(Beginning of Extracted information)

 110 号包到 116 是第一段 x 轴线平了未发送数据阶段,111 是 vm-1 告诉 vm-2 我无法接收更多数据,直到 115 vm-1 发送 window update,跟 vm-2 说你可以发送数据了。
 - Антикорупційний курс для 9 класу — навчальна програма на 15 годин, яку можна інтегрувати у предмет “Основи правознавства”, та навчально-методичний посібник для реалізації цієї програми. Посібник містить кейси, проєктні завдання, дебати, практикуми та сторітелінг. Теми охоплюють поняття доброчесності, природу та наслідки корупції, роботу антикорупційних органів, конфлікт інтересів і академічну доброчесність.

(End of Extracted information)
(Beginning of Extracted information)

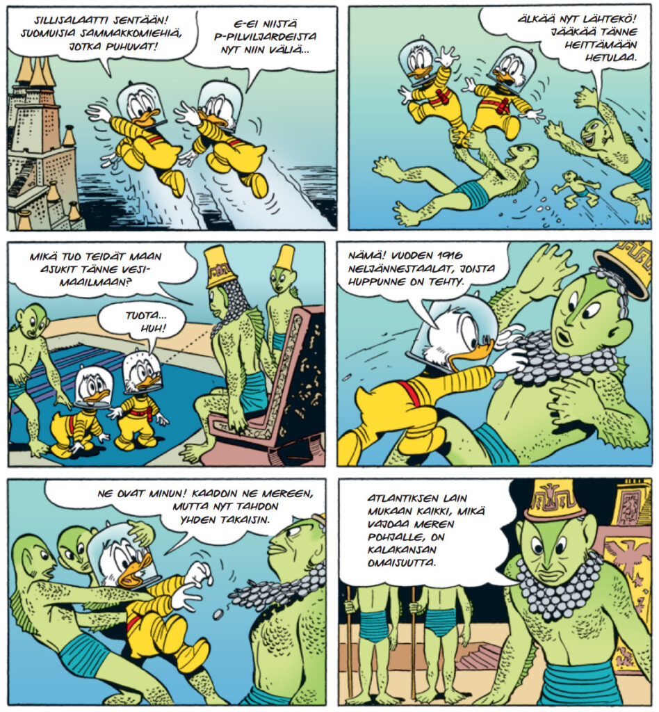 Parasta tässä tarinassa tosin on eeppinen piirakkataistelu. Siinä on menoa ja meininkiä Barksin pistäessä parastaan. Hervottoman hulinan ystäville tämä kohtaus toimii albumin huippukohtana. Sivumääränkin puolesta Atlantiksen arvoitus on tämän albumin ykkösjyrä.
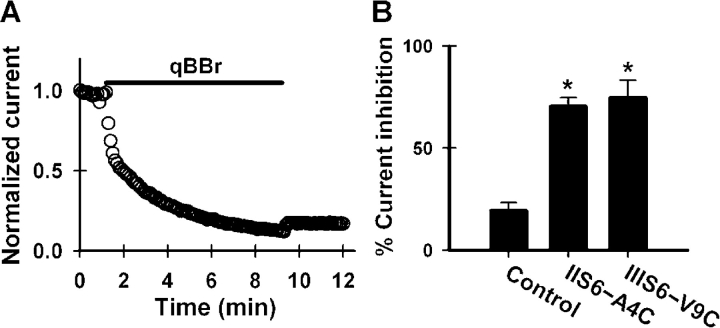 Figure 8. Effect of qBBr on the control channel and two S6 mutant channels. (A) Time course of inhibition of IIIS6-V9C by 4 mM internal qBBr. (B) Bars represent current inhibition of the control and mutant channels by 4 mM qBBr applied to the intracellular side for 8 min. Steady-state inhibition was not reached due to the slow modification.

(End of Extracted information)

**Your task**
Using the material above, reproduce only the lines that run from the line with "Parasta tässä tarinassa" up to and including the line with "Figure 8. Effect", exactly, with the pictures dropped.

**Task output**
 Parasta tässä tarinassa tosin on eeppinen piirakkataistelu. Siinä on menoa ja meininkiä Barksin pistäessä parastaan. Hervottoman hulinan ystäville tämä kohtaus toimii albumin huippukohtana. Sivumääränkin puolesta Atlantiksen arvoitus on tämän albumin ykkösjyrä.
 Figure 8. Effect of qBBr on the control channel and two S6 mutant channels. (A) Time course of inhibition of IIIS6-V9C by 4 mM internal qBBr. (B) Bars represent current inhibition of the control and mutant channels by 4 mM qBBr applied to the intracellular side for 8 min. Steady-state inhibition was not reached due to the slow modification.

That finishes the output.